実装方法は、親に連結された時間 $T_u$ を保存するのと、あるノードのある時刻における連結成分の大きさを保存することで、 ある時刻 $t$ のルートを見つけたいときは $T_u \leq t$ であるまで遡ればいいということがわかる。 また、サイズを知りたいときはまず $u$ のルート $r$ を見つけてから $r$ の連結成分の大きさについてのリストについて 二分探索すればある時刻までの連結成分の大きさを見つけられるといった感じである。

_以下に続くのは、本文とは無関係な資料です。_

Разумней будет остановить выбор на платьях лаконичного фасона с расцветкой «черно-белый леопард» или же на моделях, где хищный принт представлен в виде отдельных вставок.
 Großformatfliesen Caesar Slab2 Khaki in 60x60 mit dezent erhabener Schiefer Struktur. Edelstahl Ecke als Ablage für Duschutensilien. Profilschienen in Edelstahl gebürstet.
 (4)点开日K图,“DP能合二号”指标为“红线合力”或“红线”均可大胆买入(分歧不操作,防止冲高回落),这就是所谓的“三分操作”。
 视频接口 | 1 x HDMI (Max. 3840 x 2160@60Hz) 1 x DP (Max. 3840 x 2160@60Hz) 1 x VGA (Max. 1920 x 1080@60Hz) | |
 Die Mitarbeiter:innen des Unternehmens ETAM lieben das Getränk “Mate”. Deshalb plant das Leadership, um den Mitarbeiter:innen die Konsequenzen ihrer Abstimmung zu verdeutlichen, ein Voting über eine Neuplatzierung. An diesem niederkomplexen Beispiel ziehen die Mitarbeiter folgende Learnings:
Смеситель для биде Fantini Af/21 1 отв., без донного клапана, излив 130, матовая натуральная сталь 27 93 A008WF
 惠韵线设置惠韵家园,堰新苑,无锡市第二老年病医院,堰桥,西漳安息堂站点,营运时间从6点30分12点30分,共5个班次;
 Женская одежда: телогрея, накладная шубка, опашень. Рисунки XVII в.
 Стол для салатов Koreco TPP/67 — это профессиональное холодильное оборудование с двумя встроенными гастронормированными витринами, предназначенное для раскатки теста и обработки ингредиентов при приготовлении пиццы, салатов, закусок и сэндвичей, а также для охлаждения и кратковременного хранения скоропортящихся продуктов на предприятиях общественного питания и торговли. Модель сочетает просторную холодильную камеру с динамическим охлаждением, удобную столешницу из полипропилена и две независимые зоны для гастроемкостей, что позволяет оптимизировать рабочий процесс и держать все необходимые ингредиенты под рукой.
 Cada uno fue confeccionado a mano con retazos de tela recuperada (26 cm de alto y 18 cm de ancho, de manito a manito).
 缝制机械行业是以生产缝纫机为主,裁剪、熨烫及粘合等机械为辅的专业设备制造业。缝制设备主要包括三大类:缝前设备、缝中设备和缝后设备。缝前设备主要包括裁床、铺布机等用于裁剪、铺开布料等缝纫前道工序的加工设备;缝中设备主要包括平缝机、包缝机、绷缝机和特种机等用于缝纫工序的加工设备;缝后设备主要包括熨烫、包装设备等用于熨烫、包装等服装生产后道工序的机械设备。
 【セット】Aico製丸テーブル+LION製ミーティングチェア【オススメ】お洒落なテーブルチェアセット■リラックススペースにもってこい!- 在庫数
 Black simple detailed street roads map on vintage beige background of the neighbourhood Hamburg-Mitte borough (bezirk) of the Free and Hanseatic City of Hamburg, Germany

よってこの方法でも、クエリについて $O(Q \log M \log N)$ で調べられる。 こっちは $2$ 倍のノードを生成する必要もなくダブリングもする必要もないので定数倍が軽く、 228ms 程度で通る。

実装方法 2 (想定解)

並列二分探索という、すべてのクエリに対して二分探索を $1$ 回進めてしまうという方法が想定解である。 今回は、連結情報を取るためにクエリごとに逐一 Union-Find を $O(M)$ 回回す必要があったが、 この連結させている最中に $Q$ 個のクエリを処理してしまおうというアイデアである。

二分探索の ok と ng という値をクエリごと( $ok_j, ng_j$ みたいに) に持っておく。 そして現在調べたいスコアというのは $(ok_j + ng_j) / 2$ であるので、 それぞれの調べたいスコアの位置にクエリを入れておくことにする。

すると、グラフを連結させた適切なタイミングでクエリがでてくるので、その時の $x_j$ と $y_j$ のサイズについて 見るだけで済み、このときに すべての $j$ における二分探索を一つ進めることができる。

つまりこの連結させる処理を $O(\log M)$ 回程度行えば、すべての二分探索を終えることができる。 この計算量は $O((Q+M+N)\log M)$ 程度であり一番高速だと思う(アッカーマンの逆関数は除く)。 通してみたら 108 ms 程度だったのでこの3つの中では一番速いと思う。

データ構造も普通の Union-Find しか使わないので最もイージーな実装方法になっている。

ソースコード

最初に通したときの実装

Union-Find の実装やその他の非本質の部分は省く。

前に書いた 根付き木のライブラリを書いてみたよ の根付き木のライブラリに 多少関数を追加している(getAncestor, getAncestorDist)。 RootedTree のエッジを張ったら部分木について葉の数を計算しておき、 クエリ処理するという流れである。

部分永続 Union-Find を使用した実装

こっちは割とこじんまりとしている。$t$ は昇順に入れる必要がある。

想定解 並列二分探索

クエリの処理の方法の工夫。

感想

並列二分探索などは、かなり使い勝手がいいと思った。ただ、クエリ内で二分探索する系って多いのかな? だけれども、色々と知れるのはやはり嬉しい。1000 点問題で橙 Diff であるが、思いつきやすい問題ではあったと思う。 ただデータ構造を知らないで普通に実装しようとするとかなり難しいなと思う。 逆にデータ構造さえ知っていれば貼ればいいみたいな状態ではあったので結構知識ゲーなのかなとも思った。